- Created by: Emerging Media
- Country of origin: India

= Cricket Star =

Indian Television Series

Cricket Star is an interactive, multimedia talent hunt for the world's best young cricketer. The first season of Cricket Star aired from December 2006 to March 2007 on DoorDarshan and Zee TV. The passion, drama and energy captured the hearts and minds of millions of viewers who followed the unravelling story on television, across the Internet and through their mobile phones. The winner, Sukhvir Singh, was awarded a contract with Leicestershire County Cricket Club.

Cricket Star India is the first programme in a 5-year international roll out, and the new series is scheduled to air in early 2008. This series will focus on the exciting new Twenty20 format, which Cricket Star helped introduce into India, as the Cricket Star contestants were put through a series of Twenty20 matches to test their skills. Public interest and excitement around the Twenty20 format continues to grow following India's surprise win of the inaugural World Twenty20 in South Africa in 2007. With the growth of this novel format of the game, there are new opportunities for cricketers with Twenty20 skills to shine.

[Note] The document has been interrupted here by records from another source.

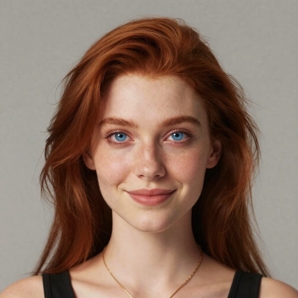 This is a digital portrait of a fair-skinned woman with striking blue eyes and red, slightly messy hair. She has a subtle smile and wears a gold necklace. Her makeup is minimal, highlighting her natural beauty. The background is a simple gray, keeping focus on her face. The image has a realistic yet slightly stylized, CGI-like quality.
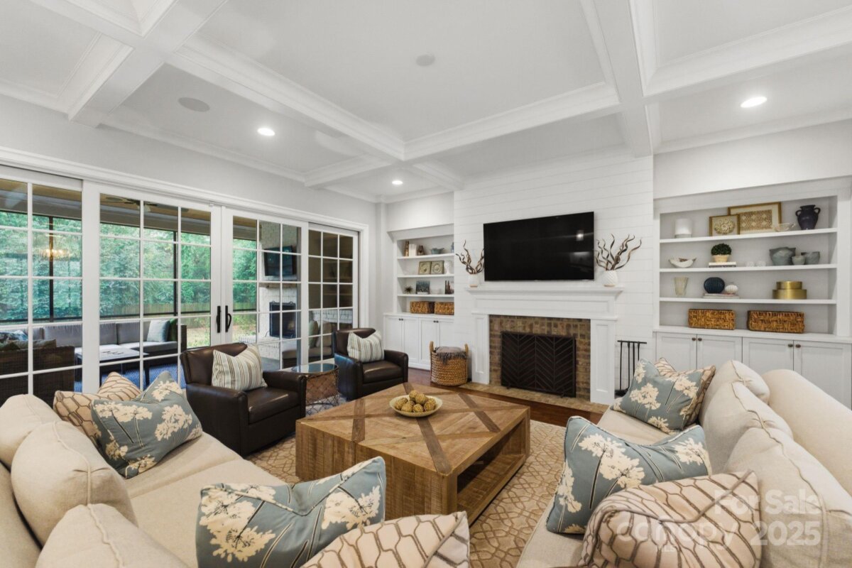 Custom built and perfectly situated on a rare .46-acre flat lot, this exceptional home offers luxury, comfort, and an ideal floorplan in the highly sought-after Cotswold neighborhood—just 10 minutes to Uptown and 5 minutes to SouthPark’s premier shopping and dining. The chef’s kitchen impresses with top-of-the-line appliances, a gas range with hood, double ovens, an oversized island, and a massive walk-in pantry complete with a second refrigerator. The kitchen flows effortlessly into a spacious living room featuring coffered ceilings, built-ins, and a cozy fireplace, creating the perfect environment for both everyday living and elegant entertaining. The main-level primary suite is a true retreat with an oversized walk-in closet with custom built-ins, dresser island and incredible storage. Primary bathroom has dual vanities, a soaking tub, and separate shower with multiple heads. A flexible front room on the main level easily serves as an office or additional dining space, connected to the kitchen and main living by a wine bar and beverage station. Outdoor living shines with a stunning screened bluestone porch featuring a wood-burning fireplace overlooking the expansive, flat yard—offering plenty of room to add a pool. Outside, you'll also find a rare, 3-car garage that leads back into the home through a mudroom/drop-zone and connects to laundry room 1 of 2! Upstairs you’ll find four generous bedrooms, including two with en suite baths and two that share an additional full bath. A second laundry room adds convenience, while the massive bonus/media room and additional loft provide incredible space for recreation, gatherings, or movie nights. This home truly combines luxury craftsmanship with everyday livability in one of Charlotte’s most coveted locations.
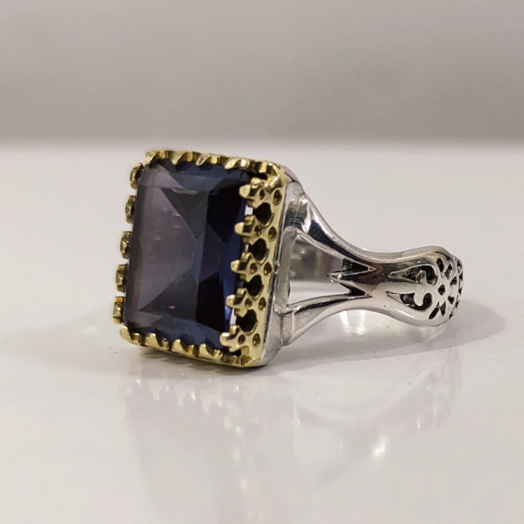 انگشتر مردانه طرح پرهان از نقره با عیار 925 ساخته شده است. این انگشتر نسبت به اکثر انگشترها وزن نقره و استحکام بیشتری دارد. ارزش بالای این محصول به نگین اصل و معدنی آمیتیست آن می باشد که خوش رنگ بوده و دارای تراش الماس شکل می باشد.
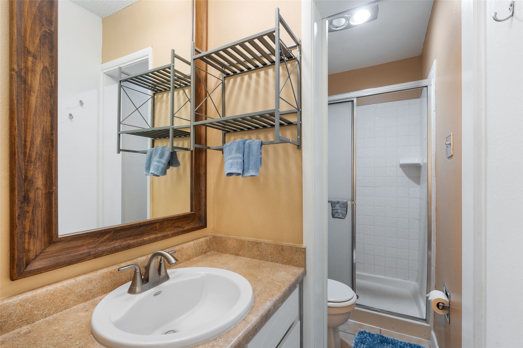 Renovated 2-bedroom, 2-bathroom condo located on the second floor of the Los Arroyos Compound on the shady side of the building. Upon entry, the living and dining areas flow onto an outdoor deck with views of Atalaya, Picacho Peak, and the Sun and Moon Mountains. The modern L-shaped kitchen is appointed with clean, white cabinets and provides ample storage and workspace for cooking. The split bedroom plan ensures privacy and convenience for guests or roommates. Additionally, it includes a large laundry and storage room with a stacked washer and dryer. The Los Arroyos Compound includes access to an array of amenities, including a clubhouse and outdoor space for social gatherings, an indoor pool, exercise room, sauna, and tennis courts. Easy access to 285, I-25 and restaurants, health/wellness facilities and shopping
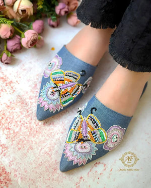 Denim Butterfly Mules in Patels - Anabia Fabiha
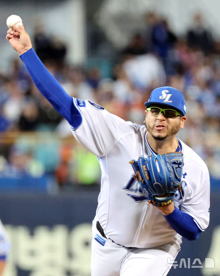 [대구=뉴시스] 이무열 기자 = 21일 대구 수성구 삼성라이온즈파크에서 열린 2025 신한 SOL 뱅크 KBO 포스트시즌 플레이오프 3차전 한화 이글스와 삼성 라이온즈의 경기, 1회초 삼성 선발투수 후라도가 공을 던지고 있다. 2025.10.21. [email protected]
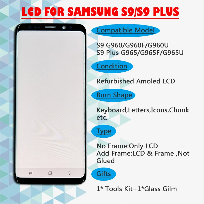 - Product name : ORIGINAL AMOLED lcds Replacement for SAMSUNG Galaxy S9 S9+LCD Touch Screen Digitizer with Frame G96
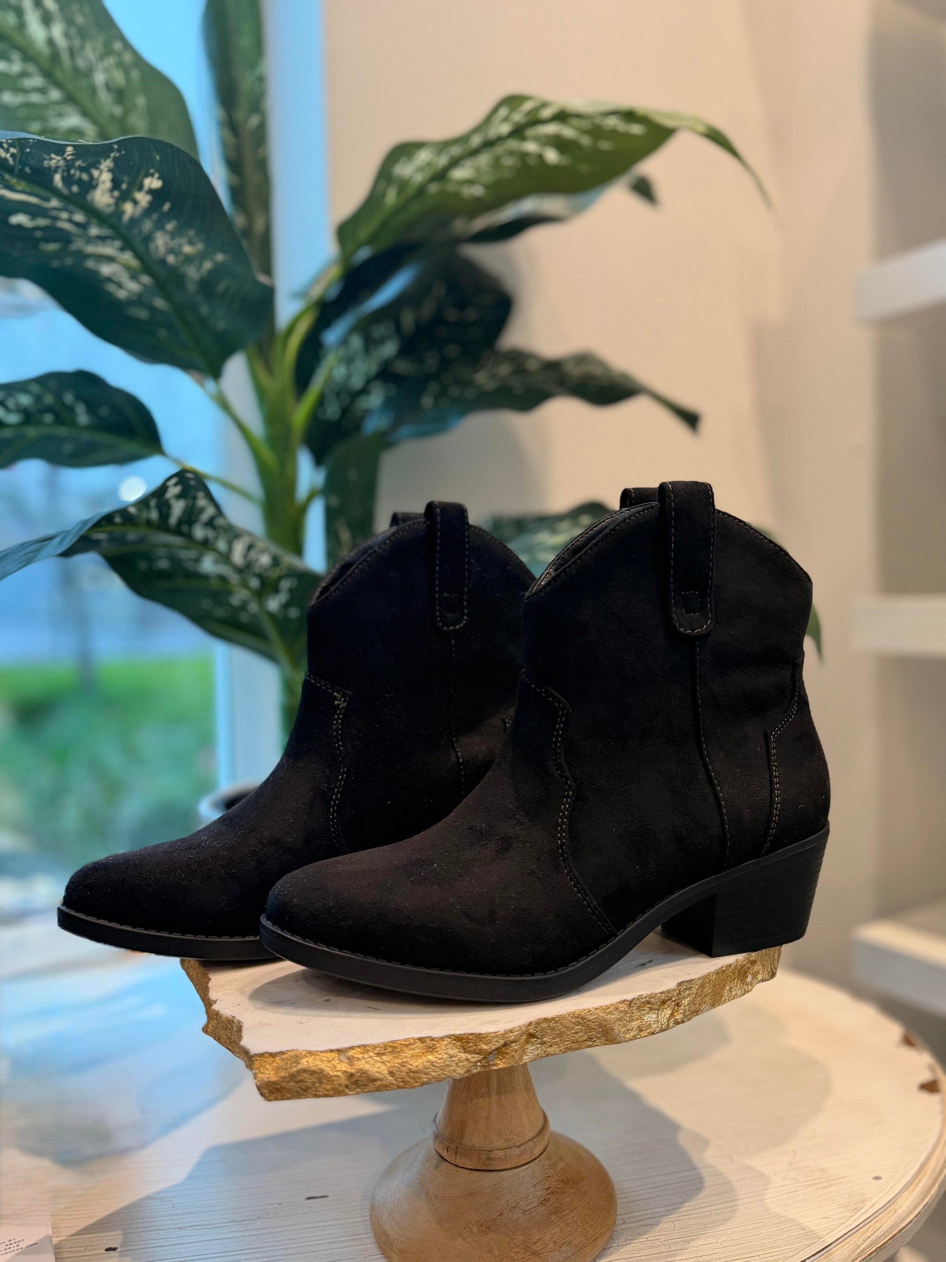 This Western Style black boot is ankle height with stitch detailing, 1 inch heel and side loops.
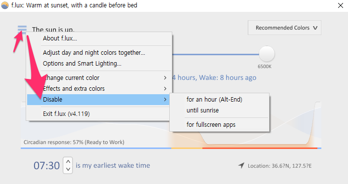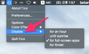 Disable(비활성)을 선택하여 for an hour(1시간 동안)이나 until sunrise(일출)까지 f.lux를 비활성화합니다.
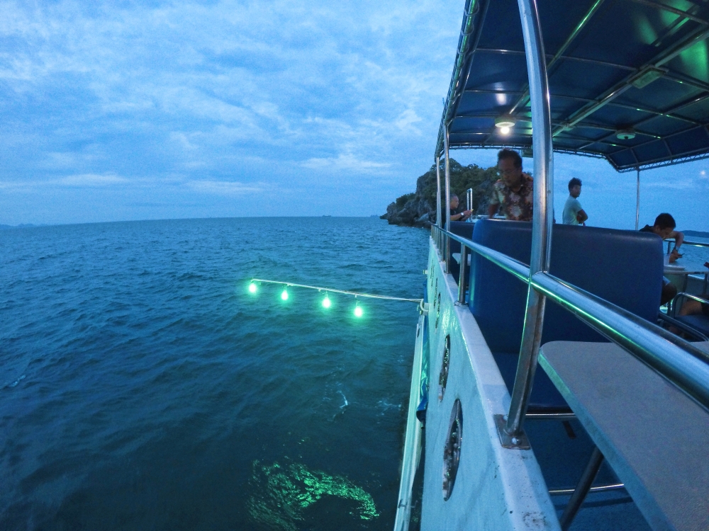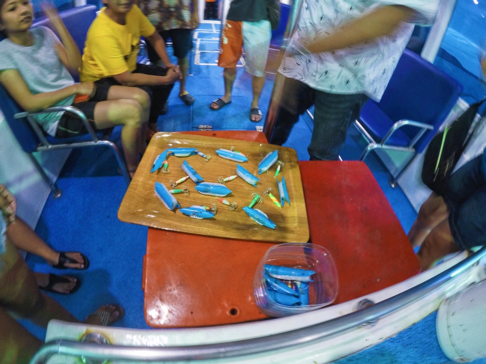 ตกกันไปเรื่อยๆ ได้มั่ง ไม่ได้มั่ง บางคนปล่อยอารมณ์ที่ชั้น2 ออ เค้ามีอาหารเย็นให้กินบนเรือ หมึกที่ตกได้ก็ทำกินเลย หวานมากกกก กินสดก็ได้...
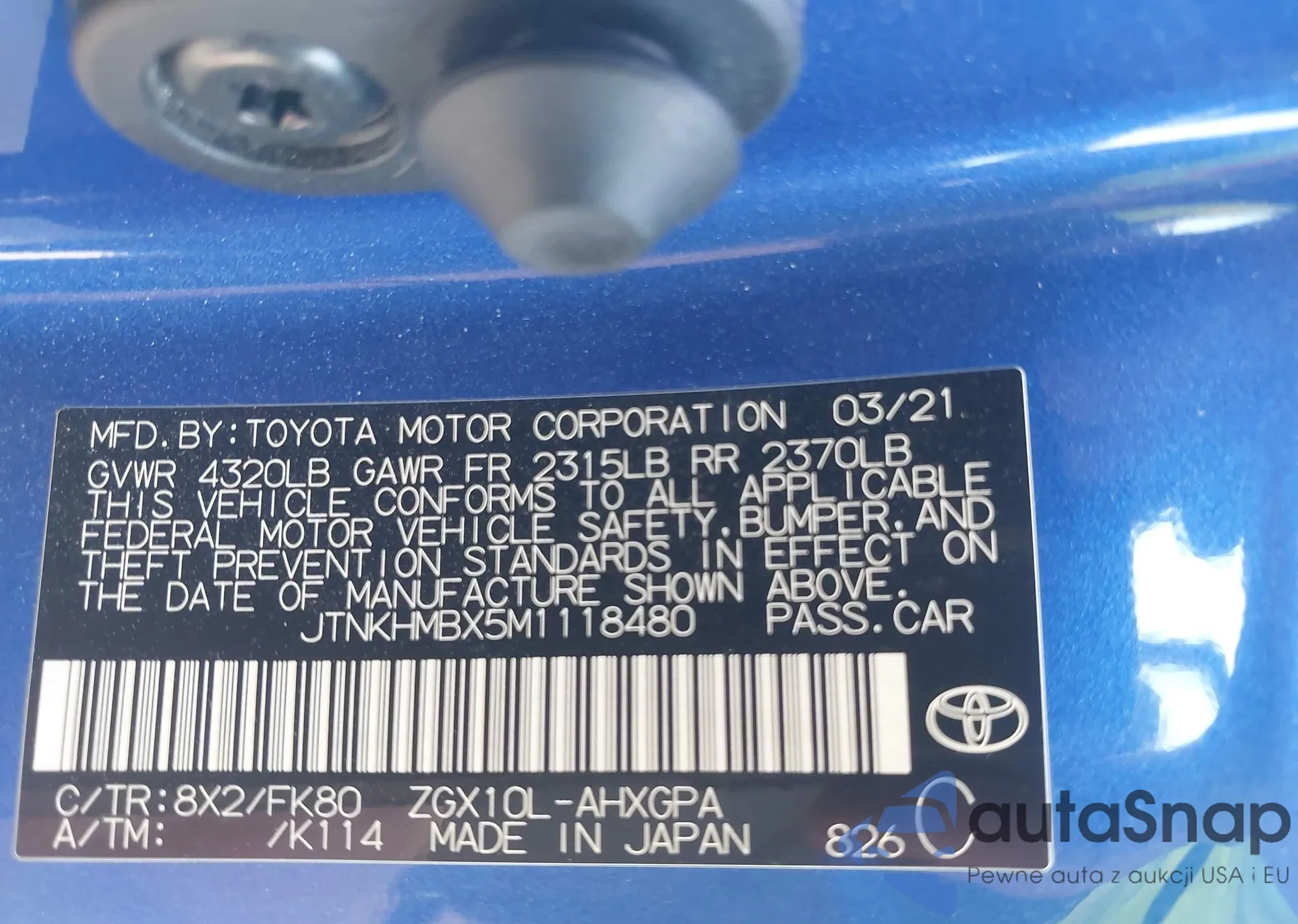 • VIN JTNKHMBX5M1118480

The Cricket Star formula is:
- A nationwide application and screening process creates a shortlist of talented candidates
- Candidates are invited to attend auditions in their region
- Celebrity judges, national selectors and professional coaches select a final group
- Finalists spend up to 10 weeks in the Cricket Star Academy and are subjected to a televised series of unique mental and physical tests and a range of patented cricketing challenges
- Weekly televised cricket matches at the academy involving cricket celebrities will give the candidates a chance to shine
- Extended televised coverage will portray life at the academy, the interaction between hopefuls and insights into their passion for the game
- Based on the performance each week the judges will score each pupil. The public will vote by phone, online or text to eliminate a pupil each week until only two remain. The final selection will be made by millions of television viewers in a dramatic final episode.